MORE: Meet the queer black woman leading the charge for free speech

On the bright side, most professors do not embrace cancel culture in its most radical form, he found. Many of them are not actively opposed to it, though, and younger cohorts are the most radical.

In the CSPI report, the professor broke down his concentrated findings into two categories: “hard authoritarianism,” the experience of being canceled for speech, and “soft authoritarianism,” which includes discrimination based on political opinions and the “chilling” effect of self-censoring in academia.

“This report seeks to cut away from the headlines to explore large-scale survey data for the US, Canada, and the UK,” according to the executive summary. “Its unique contribution is providing robust quantitative analysis that reveals the nature and extent of punishment for speech and political discrimination from the perspectives of both perpetrators and victims.”

More than four in 10 academics in America, and slightly more in Canada, indicated they would not hire a known supporter of President Trump.
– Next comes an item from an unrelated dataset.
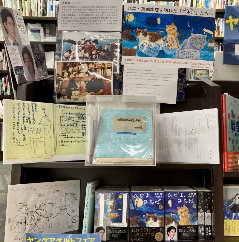 今回のフェアのもう1つの注目作品が、京都府出身の児童文学者・上野瞭さんの名作長編『ひげよ、さらば』(理論社)です。記憶のない猫「ヨゴロウザ」と隻眼の猫「片目」がたどる苦難と喜びに満ちた物語。今回ご子息の上野宏介さんのご協力をいただき、貴重な『ひげよ、さらば 制作ノート』を期間限定で展示しております。制作の過程や、物語の舞台を描いたイラストの他、晩年の上野瞭さんが京都新聞で連載されていたエッセイ『猫の老眼鏡』の写真も展示しております。秋には東京と大阪で舞台化も決定している注目の作品です。この機会にぜひお楽しみください!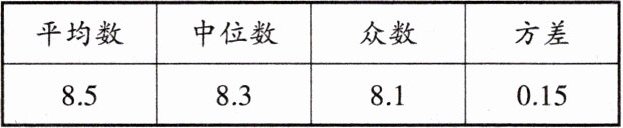 (2)分别运用表中的四个统计量,简要分析这两名队员的射击训练成绩. 若选派其中一名参赛,你认为应选哪名队员?从平均成绩看,甲、乙二人的成绩相等,均为7环;从中位数看,甲射中7环以上的次数小于乙;从众数看,甲射中7环的次数最多;而乙射中8环的次数最多;从方差看甲的成绩比乙的成绩稳定.综合以上各因素,若选派一名队员参加比赛,可选择

In Britain, one in three academics said they would not hire a known Brexit supporter.

“Between one-fifth and half of academics and graduate students are willing to discriminate against right-leaning grant applications, journal submissions and promotion cases,” Kaufmann wrote in the Journal article.

His research highlighted, however, a unique observation: that “discrimination against gender-critical feminists is even worse than discrimination against Trump supporters or Brexit voters,” he told The Fix.

‘Low viewpoint diversity reproduces hostile climate that sustains monoculture’

Only 28 percent of American and Canadian academics expressed being comfortable with the idea of sitting down with a gender-critical feminist for lunch, compared to the 41 percent of academics who said they would sit with a Trump-supporting colleague.

Additionally, nearly three in four American and British conservative scholars specializing in social sciences and humanities say their departments present a hostile environment for their opinions. About two in five American centrists agree with this observation, as well.

Both hard and soft authoritarianism create “a powerful sense of fear and chill amongst political minorities, conservatives, and gender-critical scholars,” Kaufmann told The Fix.

Just 9 percent of Trump-supporting academics indicated that they would feel comfortable expressing their political beliefs to other faculty members at their institution, the survey found. Though most of the British electorate supported the Brexit movement, 8 in 10 Brexit-supporting academics said they were uncomfortable with voicing their opinions to a colleague.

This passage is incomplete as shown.